Record excerpts
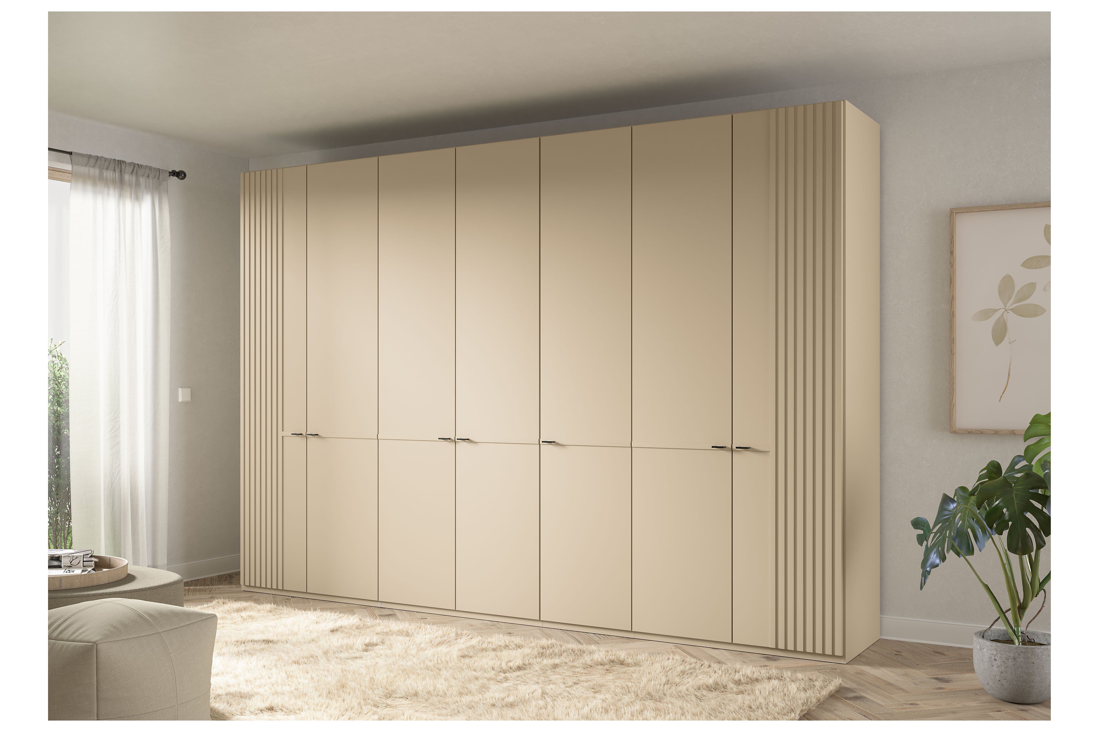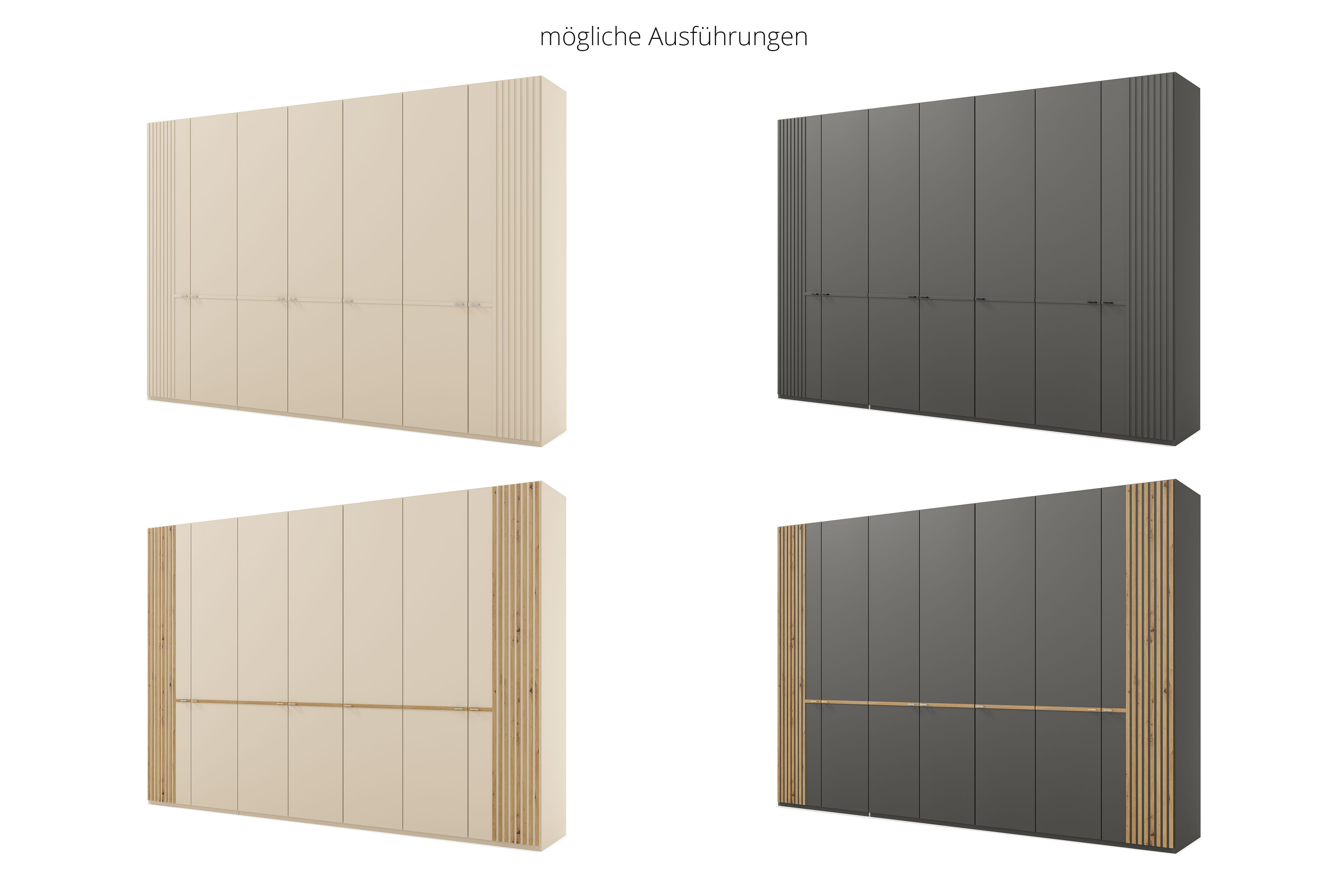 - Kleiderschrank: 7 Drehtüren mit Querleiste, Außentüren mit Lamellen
---
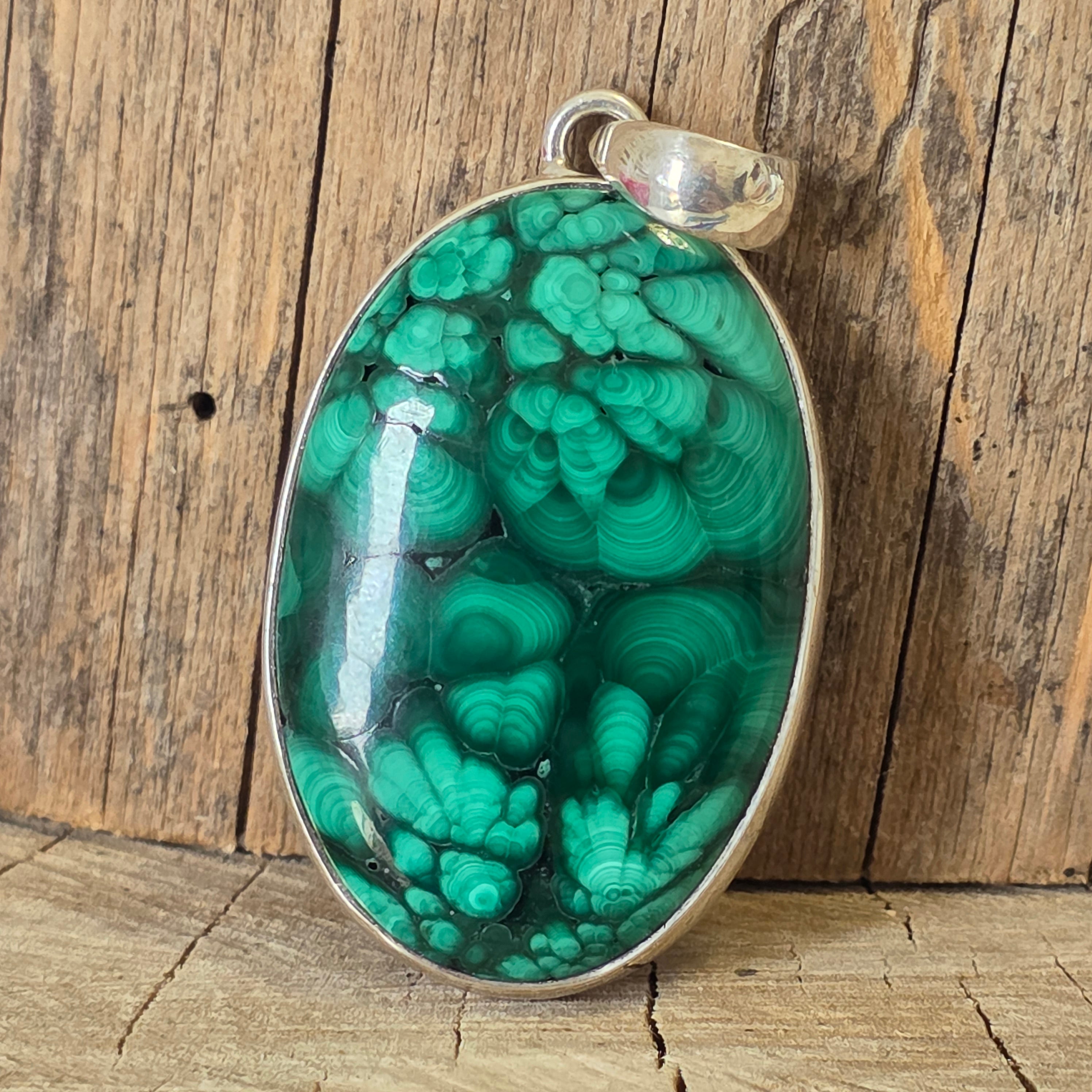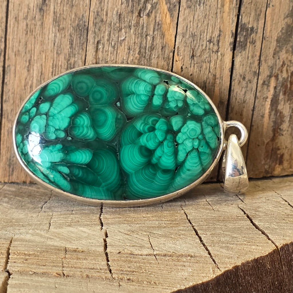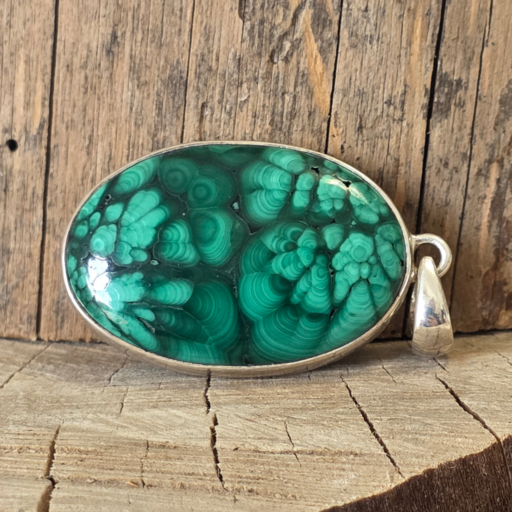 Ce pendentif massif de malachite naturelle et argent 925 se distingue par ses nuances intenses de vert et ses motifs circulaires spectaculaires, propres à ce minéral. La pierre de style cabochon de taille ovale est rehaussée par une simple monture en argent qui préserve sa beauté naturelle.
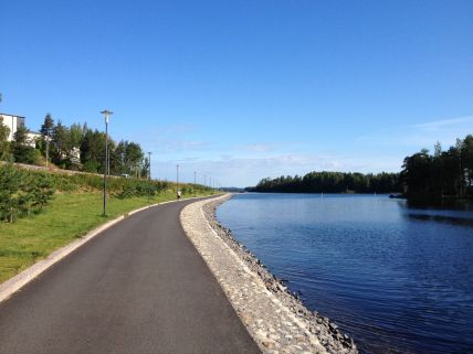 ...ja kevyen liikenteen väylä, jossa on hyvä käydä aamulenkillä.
---
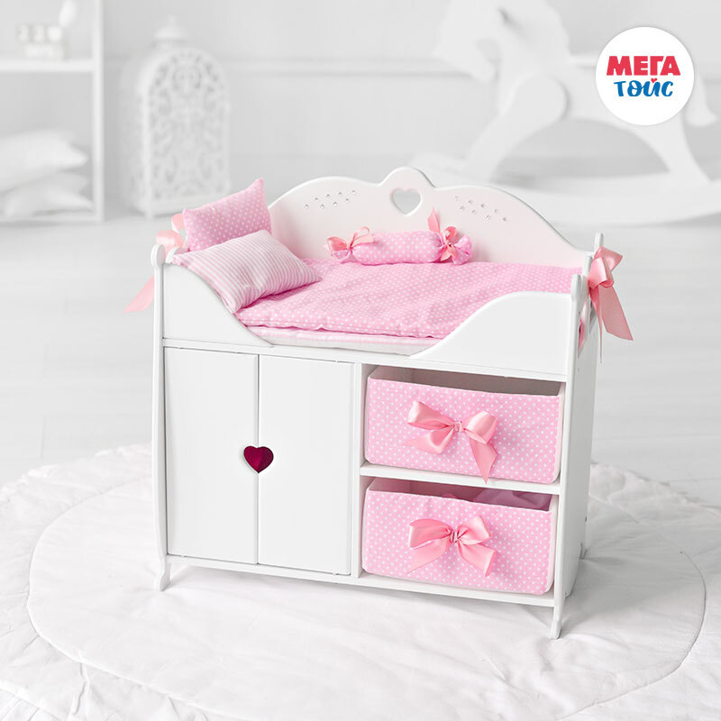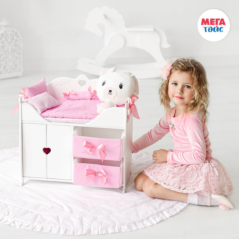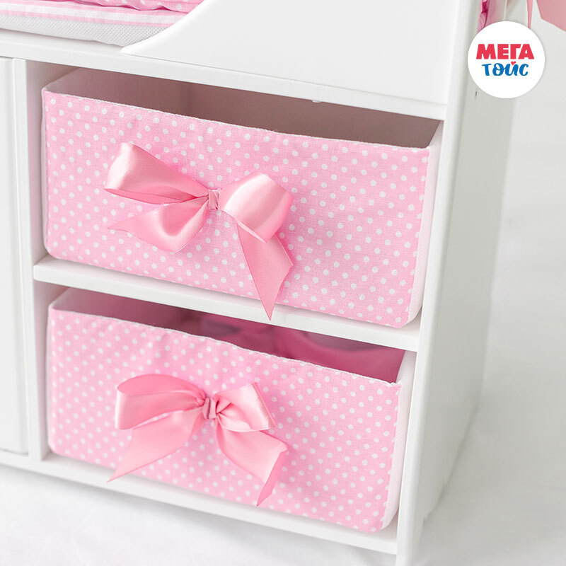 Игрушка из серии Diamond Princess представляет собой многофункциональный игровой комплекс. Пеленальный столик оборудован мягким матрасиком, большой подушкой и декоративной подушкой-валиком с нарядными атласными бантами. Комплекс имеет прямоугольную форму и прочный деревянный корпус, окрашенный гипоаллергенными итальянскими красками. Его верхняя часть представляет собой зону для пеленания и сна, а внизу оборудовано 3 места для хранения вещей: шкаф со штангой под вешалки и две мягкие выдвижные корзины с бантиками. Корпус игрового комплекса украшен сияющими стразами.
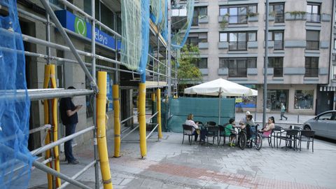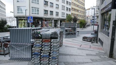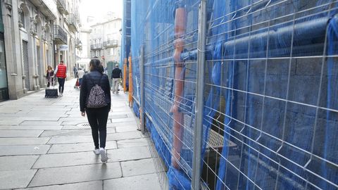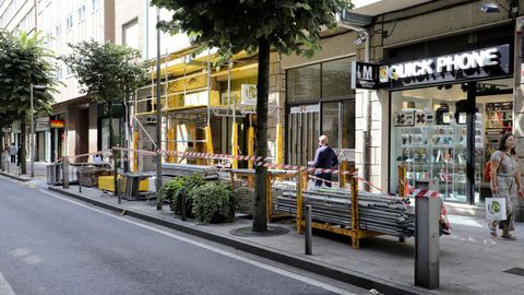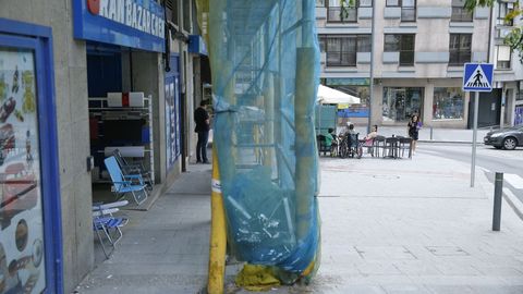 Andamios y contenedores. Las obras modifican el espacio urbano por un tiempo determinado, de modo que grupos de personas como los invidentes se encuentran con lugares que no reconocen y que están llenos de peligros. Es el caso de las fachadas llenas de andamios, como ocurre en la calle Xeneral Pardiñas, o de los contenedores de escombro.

Exercise description
In the entries above, every line from the line with "Ce pendentif massif" to the line with "hyvä käydä aamulenkillä." is to be printed exactly, with both ends included and pictures excluded.

Solution for this problem
 Ce pendentif massif de malachite naturelle et argent 925 se distingue par ses nuances intenses de vert et ses motifs circulaires spectaculaires, propres à ce minéral. La pierre de style cabochon de taille ovale est rehaussée par une simple monture en argent qui préserve sa beauté naturelle.
 ...ja kevyen liikenteen väylä, jossa on hyvä käydä aamulenkillä.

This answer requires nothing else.